_TASK REQUIREMENTS:_ The response must consist of the lines from the one holding "Eskişehirspor U-19 takımında" through the final line of the entries, given again exactly and without any pictures.

_TASK INPUT:_
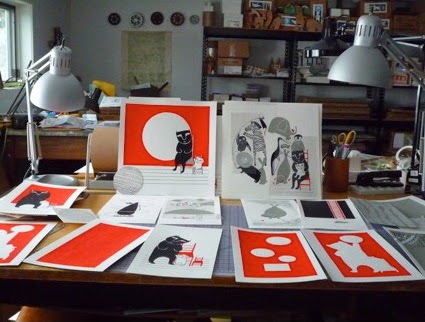 You are visiting me when I’m working fast and furious towards a tight deadline. All the studio tables are full. It is wintery and quiet inside but noisy with images and thoughts.
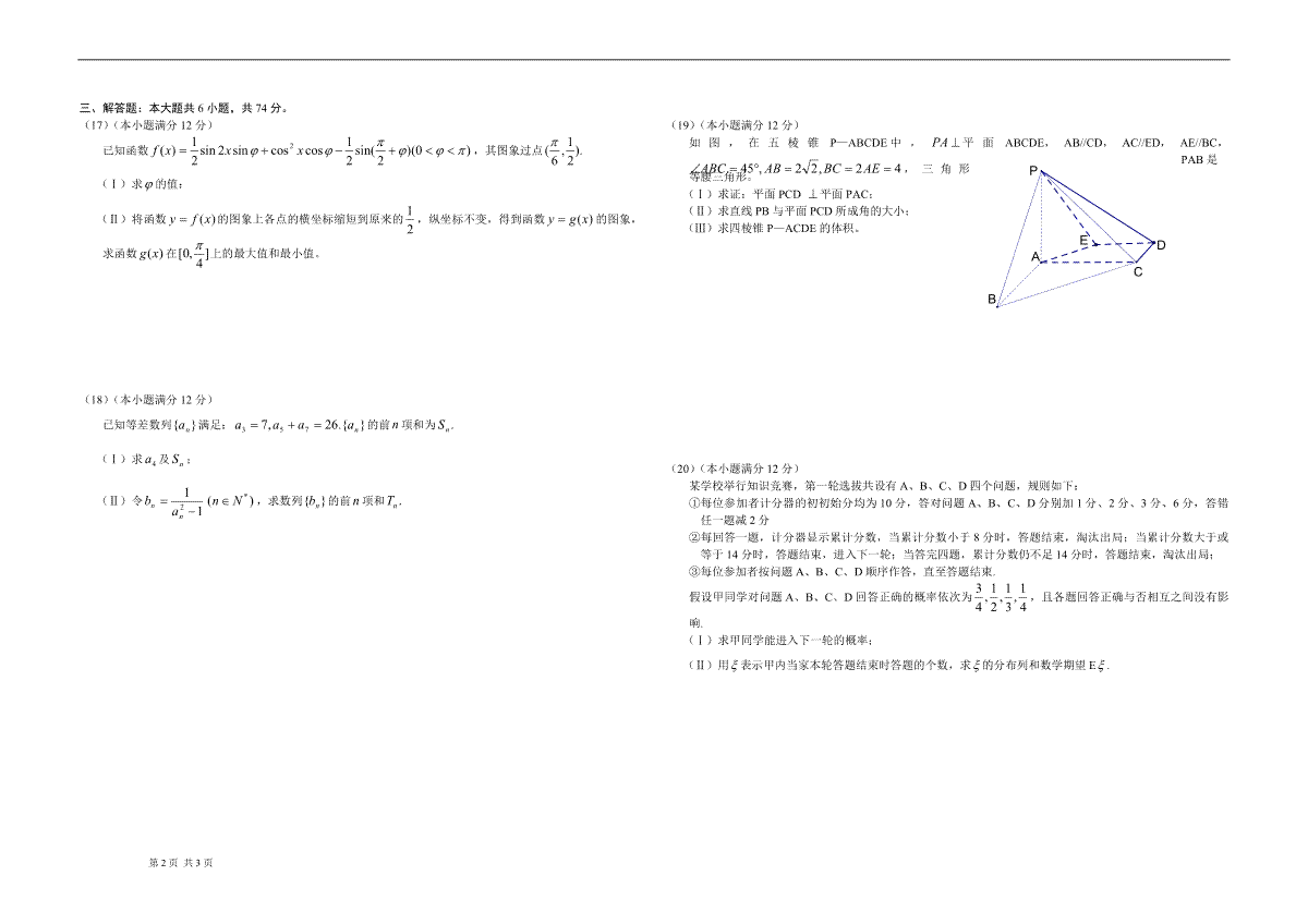 2010年高考真题数学【理】(山东卷)(原卷版)已公布,关注本站,本站会在2010年高考真题数学【理】(山东卷)(原卷版)试题及答案公布后为大家及时更新。
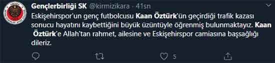Eskişehirspor U-19 takımında forma giyen genç oyuncu Kaan Öztürk, dün akşam geçirdiği trafik kazası sonrasında yaşamını yitirdi. Eskişehir ve Eskişehirspor'u yasa boğan bu ölüm haberinin ardından spor camiası sosyal medyadan taziyelerini böyle paylaştı...
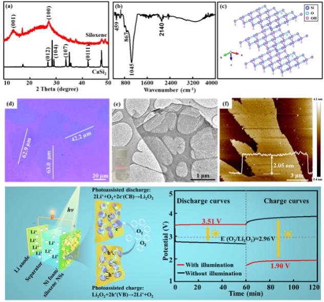 近日,我院刘宗怀教授和李琪副教授课题组,采用拓扑化学剥离法成功制备了超大尺寸少层硅氧烯纳米片,并将其应用于光辅助Li-O2电池的光电极。剥离所得硅氧烯纳米片横向尺寸可达63 mm,厚度约为~2.05 nm,具有Kautsky型晶体结构。根据半导体特性测试和电极电势能级分布,硅氧烯纳米片的导带和价带能级电势有利于促进Li2O2的形成/分解,可吸收可见光作为Li-O2电池双功能光催化剂。将所制备的硅氧烯纳米片作为光电极,金属锂作为负极,组装光辅助Li-O2电池。该电池呈现出高的放电电压(3.51 V)和超低充电电位(1.90 V),首次电能转换效率高达185%。同时,该光辅助电池还具有优异的倍率性能(1 mA / cm2、能量效率仍可达129%)、超长的循环寿命(100次循环放/充电后效率保持率为92%)和高的可逆比容量(0.75 mA/cm2、1170 mAh/g)。该研究工作丰富了Li-O2电池光催化剂体系,为实现太阳能与电能的高性能转换和存储提供了巨大机遇。
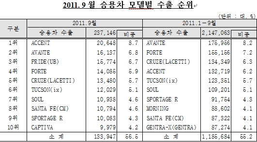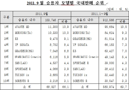 한국자동차공업협회 집계에 따르면 가장 많이 판매된 현대 아반떼(MD)는 기간중 11,300대 판매로 4개월 연속 1위를 차지했다. 신차 모닝(TA)이 고유가와 신차효과로 인기를 끌면서 10,330대가 판매되어 2위를 차지했다. 이어 K5가 3위, YF쏘나타가 하이브리드 차량 판매호조로 그 뒤를 이었으며 5위는 꾸준한 인기를 얻고 있는 그랜저(HG)가 차지했다. 한편 1~9월 모델별 누적 판매순위는 아반떼MD, 모닝TA, 그랜저HG, YF쏘나타, K5, 스파크 순으로 집계됐다. 랭킹 10위권에는 ▲현대(아반떼MD, 그랜저HG, YF쏘나타, 투싼ix)가 4개 모델, ▲기아(모닝TA, K5, 스포티지R, 쏘렌토R)가 4개 모델, ▲한국지엠(스파크), ▲르노삼성(뉴SM5)이 각각 1개 모델 차지했다. |
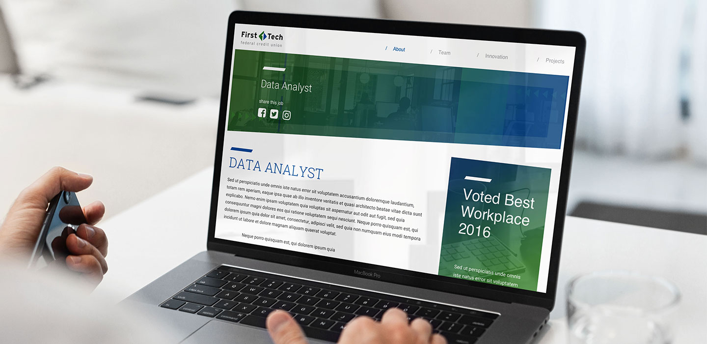 How do you attract the best design talent in your industry? The website we designed for First Tech Credit Union addressed that problem with first hand accounts given by employers, a look at recent initiatives, real-time social media posts, and more.
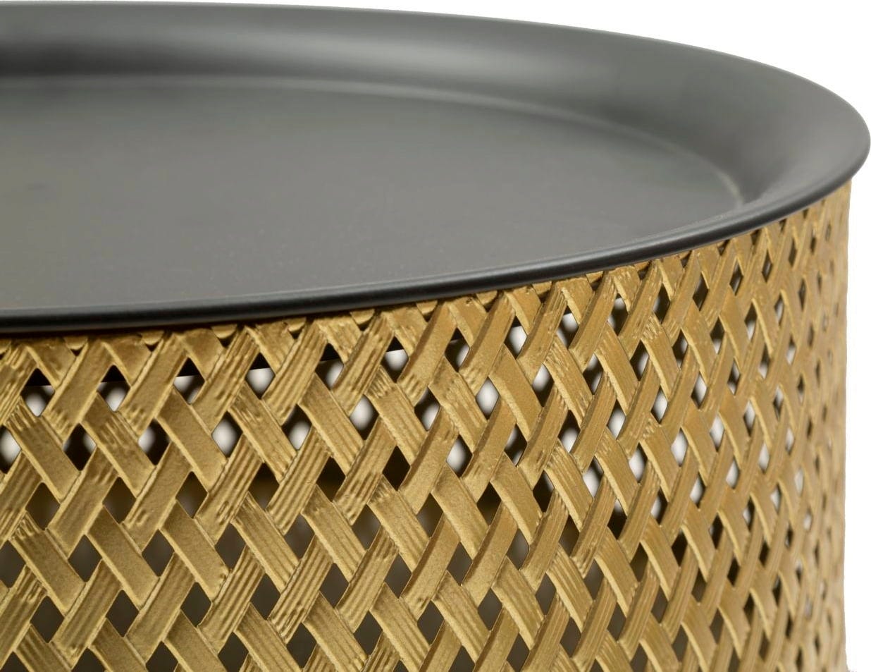 S to majhno okroglo stransko mizico dodate bivalnemu prostoru eleganten in praktičen pridih. Združuje sodoben dizajn s pametno večnamenskostjo. Ohišje odlikuje sijoča kovina zlate barve z drobnim tkanim vzorcem, ki ji daje razkošno in elegantno teksturo.
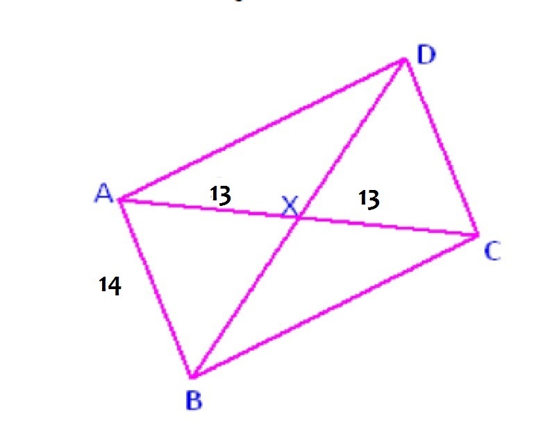 </span>AX<span> = </span>XC<span> = 13. triangle </span>ABX<span> is a right triangle with hypotenuse 14.

_SOLUTION TO THIS EXERCISE:_
Eskişehirspor U-19 takımında forma giyen genç oyuncu Kaan Öztürk, dün akşam geçirdiği trafik kazası sonrasında yaşamını yitirdi. Eskişehir ve Eskişehirspor'u yasa boğan bu ölüm haberinin ardından spor camiası sosyal medyadan taziyelerini böyle paylaştı...
 近日,我院刘宗怀教授和李琪副教授课题组,采用拓扑化学剥离法成功制备了超大尺寸少层硅氧烯纳米片,并将其应用于光辅助Li-O2电池的光电极。剥离所得硅氧烯纳米片横向尺寸可达63 mm,厚度约为~2.05 nm,具有Kautsky型晶体结构。根据半导体特性测试和电极电势能级分布,硅氧烯纳米片的导带和价带能级电势有利于促进Li2O2的形成/分解,可吸收可见光作为Li-O2电池双功能光催化剂。将所制备的硅氧烯纳米片作为光电极,金属锂作为负极,组装光辅助Li-O2电池。该电池呈现出高的放电电压(3.51 V)和超低充电电位(1.90 V),首次电能转换效率高达185%。同时,该光辅助电池还具有优异的倍率性能(1 mA / cm2、能量效率仍可达129%)、超长的循环寿命(100次循环放/充电后效率保持率为92%)和高的可逆比容量(0.75 mA/cm2、1170 mAh/g)。该研究工作丰富了Li-O2电池光催化剂体系,为实现太阳能与电能的高性能转换和存储提供了巨大机遇。
 한국자동차공업협회 집계에 따르면 가장 많이 판매된 현대 아반떼(MD)는 기간중 11,300대 판매로 4개월 연속 1위를 차지했다. 신차 모닝(TA)이 고유가와 신차효과로 인기를 끌면서 10,330대가 판매되어 2위를 차지했다. 이어 K5가 3위, YF쏘나타가 하이브리드 차량 판매호조로 그 뒤를 이었으며 5위는 꾸준한 인기를 얻고 있는 그랜저(HG)가 차지했다. 한편 1~9월 모델별 누적 판매순위는 아반떼MD, 모닝TA, 그랜저HG, YF쏘나타, K5, 스파크 순으로 집계됐다. 랭킹 10위권에는 ▲현대(아반떼MD, 그랜저HG, YF쏘나타, 투싼ix)가 4개 모델, ▲기아(모닝TA, K5, 스포티지R, 쏘렌토R)가 4개 모델, ▲한국지엠(스파크), ▲르노삼성(뉴SM5)이 각각 1개 모델 차지했다. |
 How do you attract the best design talent in your industry? The website we designed for First Tech Credit Union addressed that problem with first hand accounts given by employers, a look at recent initiatives, real-time social media posts, and more.
 S to majhno okroglo stransko mizico dodate bivalnemu prostoru eleganten in praktičen pridih. Združuje sodoben dizajn s pametno večnamenskostjo. Ohišje odlikuje sijoča kovina zlate barve z drobnim tkanim vzorcem, ki ji daje razkošno in elegantno teksturo.
 </span>AX<span> = </span>XC<span> = 13. triangle </span>ABX<span> is a right triangle with hypotenuse 14.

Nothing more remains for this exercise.